Records from a data source:
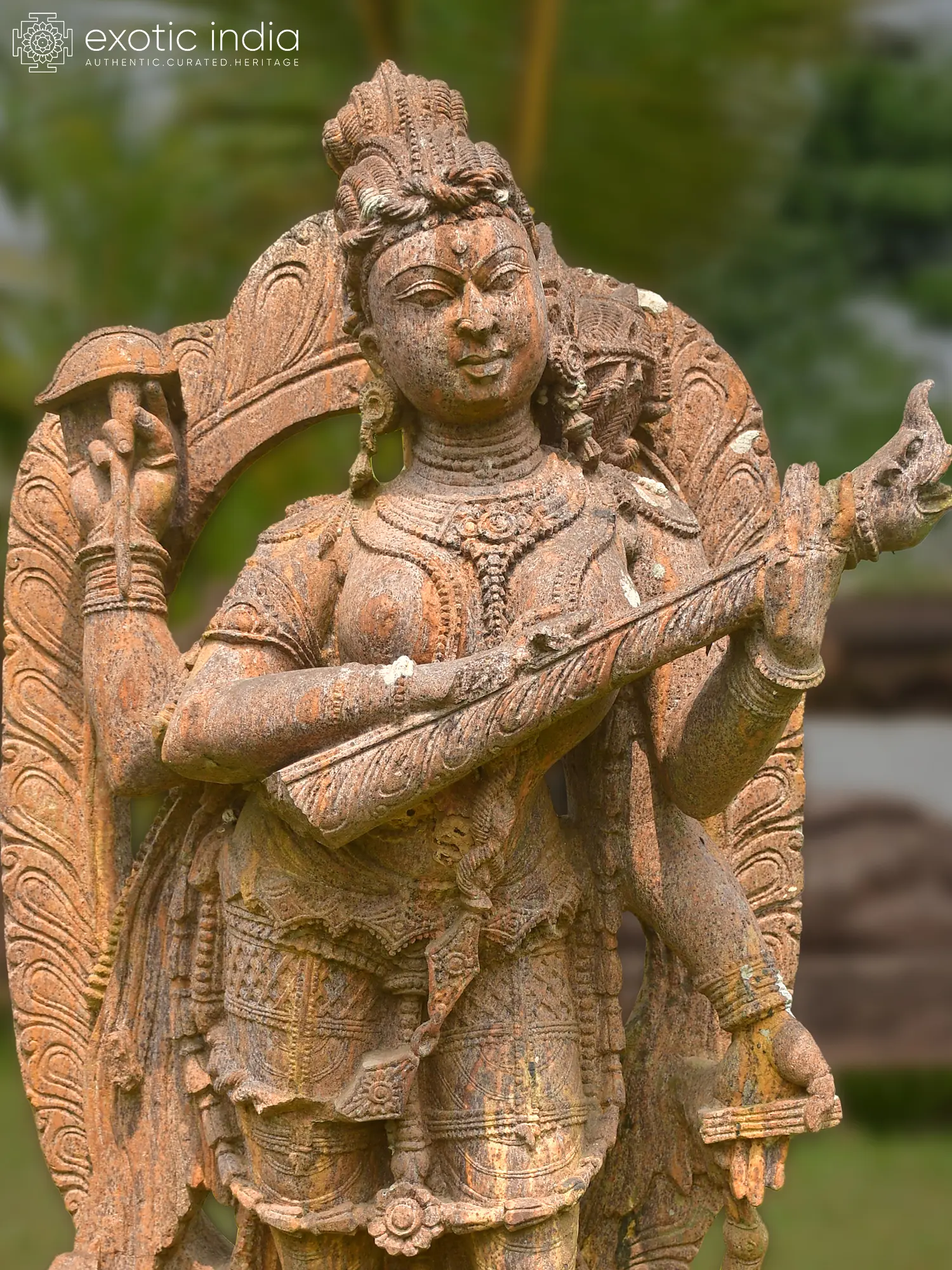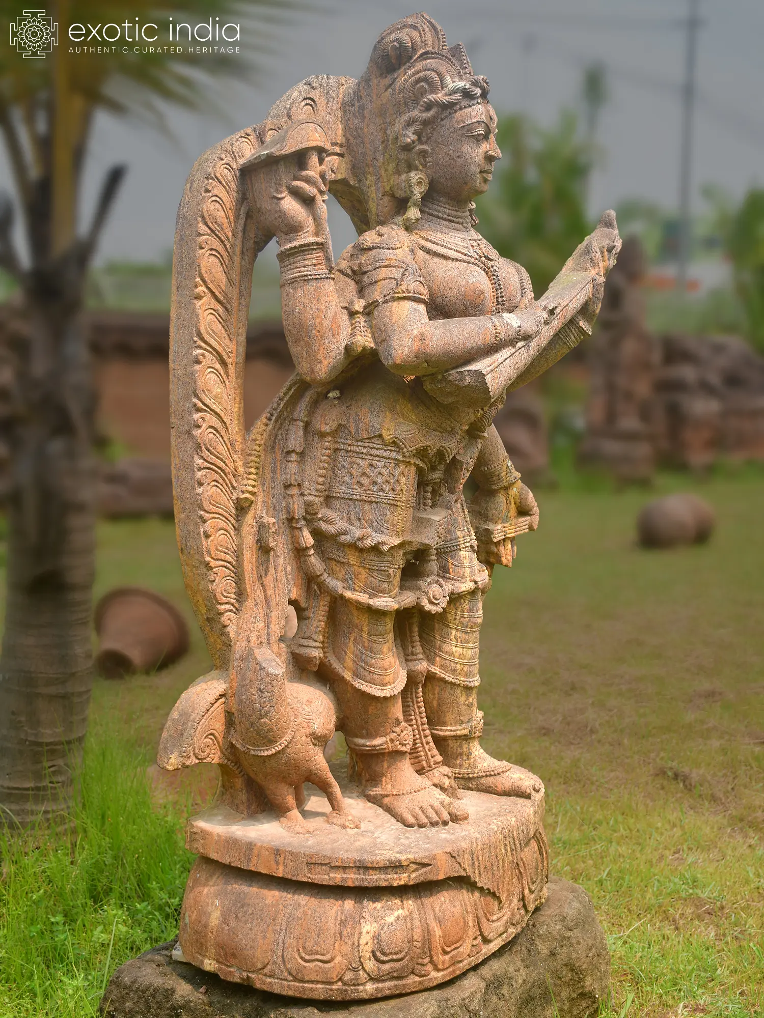 48" Goddess Saraswati | Sandstone Statue | Exquisite Handmade Indian Art
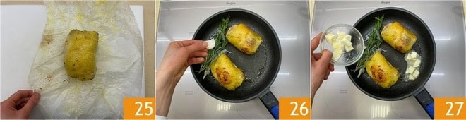 Depois dos 30 minutos, retire o capão do forno e remova o barbante e o papel manteiga 25. Coloque-o em uma frigideira quente com um fio de óleo e doure-o bem. Adicione então alecrim e alho 26 e a manteiga 27.
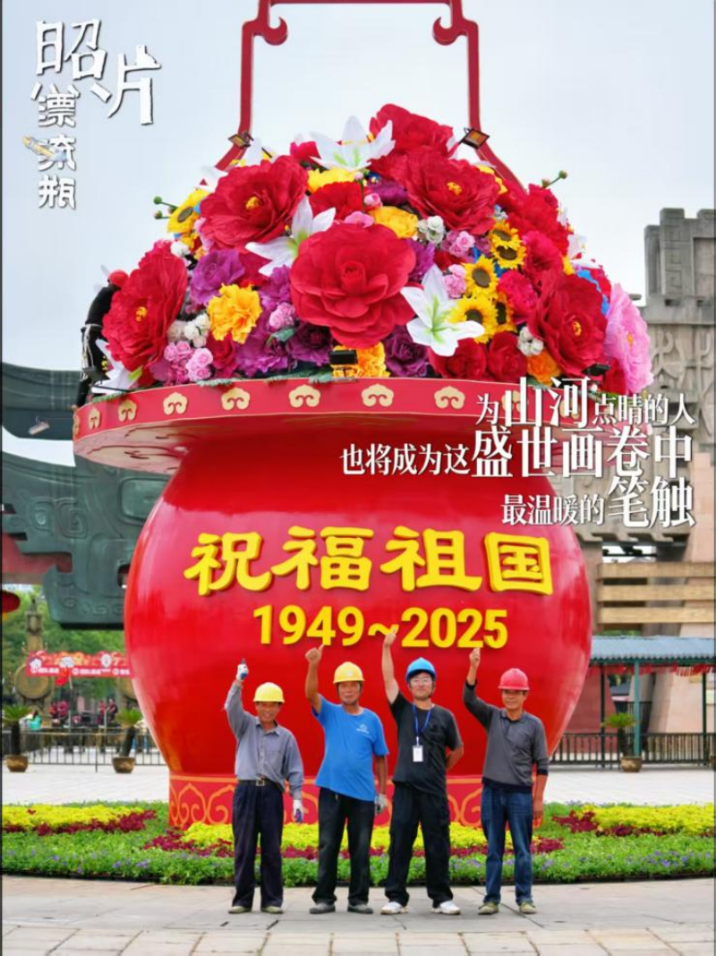 國(guó)慶前,花燈工人將絢爛的花朵,細(xì)心綴在巨大的骨架上。“城市就像這花籃,我們是那看不見的骨架。”正是這些精細(xì)的勞作與默默的奉獻(xiàn),共同托舉起城市的光鮮與璀璨。
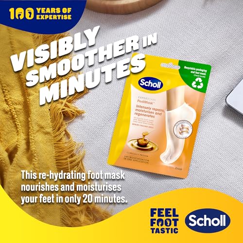 Achieve softer, smoother feet in just 20 minutes with Scholl’s ExpertCare PediMask Foot Mask Socks. Infused with Manuka Honey and Shea Butter, these masks provide intense 24-hour hydration, delivering long-lasting moisture for your feet. Formulated with Hydro’Restor technology, they effectively repair cracked heels and restore the natural moisture of dry skin. The convenient double-layer sock design ensures the cream stays in place, securing around your ankle for optimal results. Simply apply to clean, dry feet, secure the socks, and enjoy silky smooth feet. Perfect for use alone or after using Scholl’s ExpertCare Electronic Foot File.
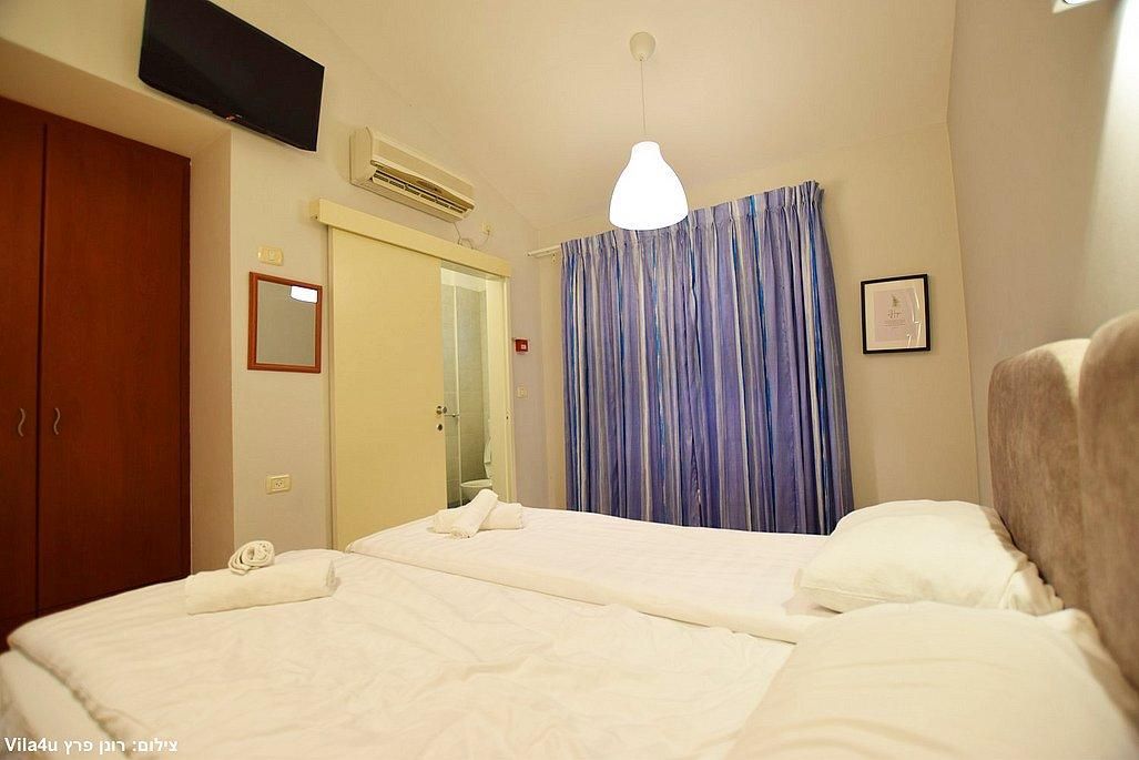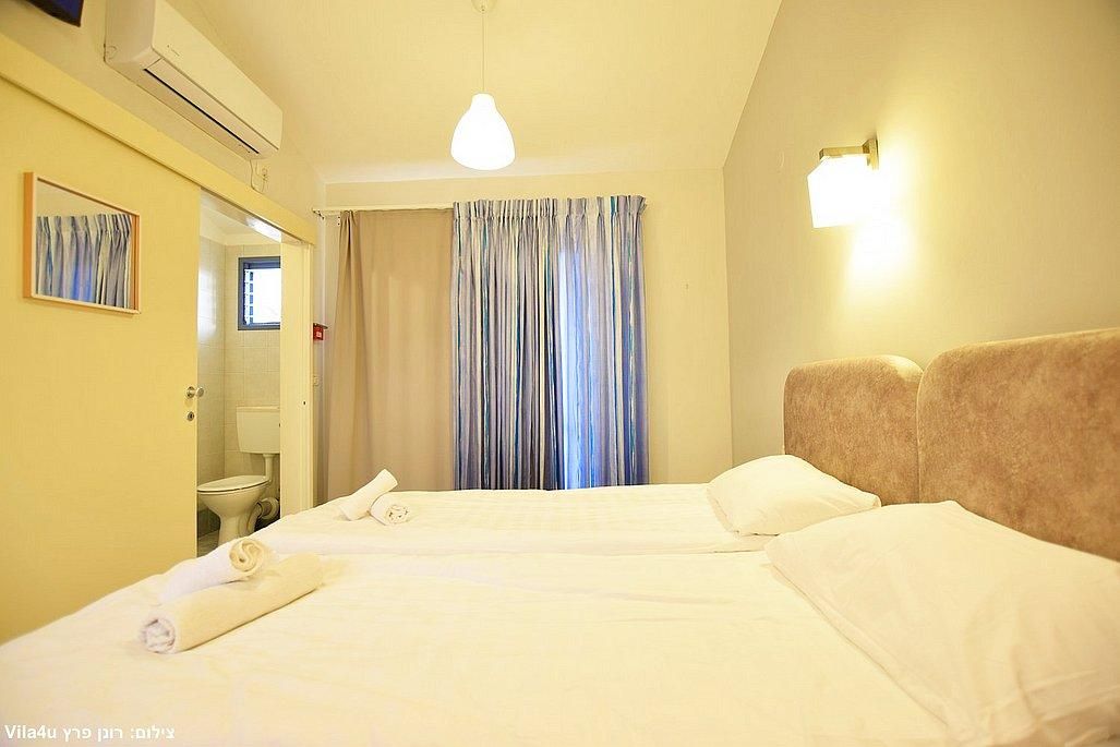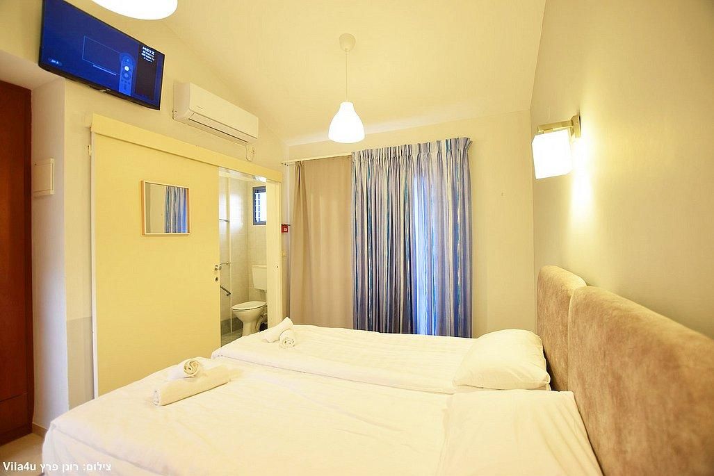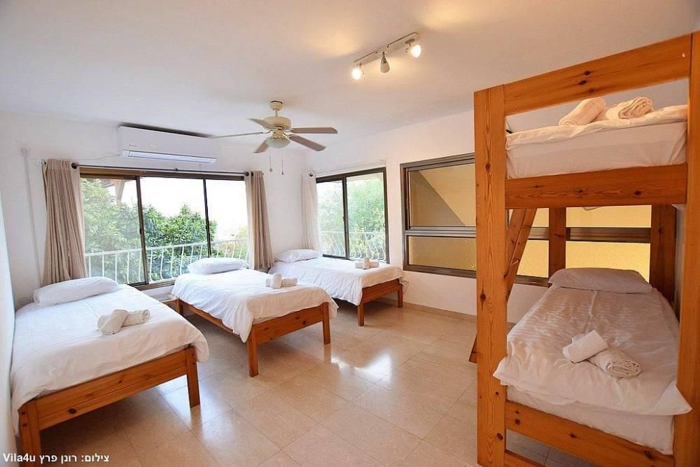 - בכל חדר מיטה זוגית בסגנון יהודי הנפתחת לעוד שתי מיטות נוספות (עד 4 מיטות בחדר)

Your goal: Repeat, word for word and with no pictures, only the lines running from the beginning of the data to the line that contains "國(guó)慶前,花燈工人將".

Task answer:
 48" Goddess Saraswati | Sandstone Statue | Exquisite Handmade Indian Art
 Depois dos 30 minutos, retire o capão do forno e remova o barbante e o papel manteiga 25. Coloque-o em uma frigideira quente com um fio de óleo e doure-o bem. Adicione então alecrim e alho 26 e a manteiga 27.
 國(guó)慶前,花燈工人將絢爛的花朵,細(xì)心綴在巨大的骨架上。“城市就像這花籃,我們是那看不見的骨架。”正是這些精細(xì)的勞作與默默的奉獻(xiàn),共同托舉起城市的光鮮與璀璨。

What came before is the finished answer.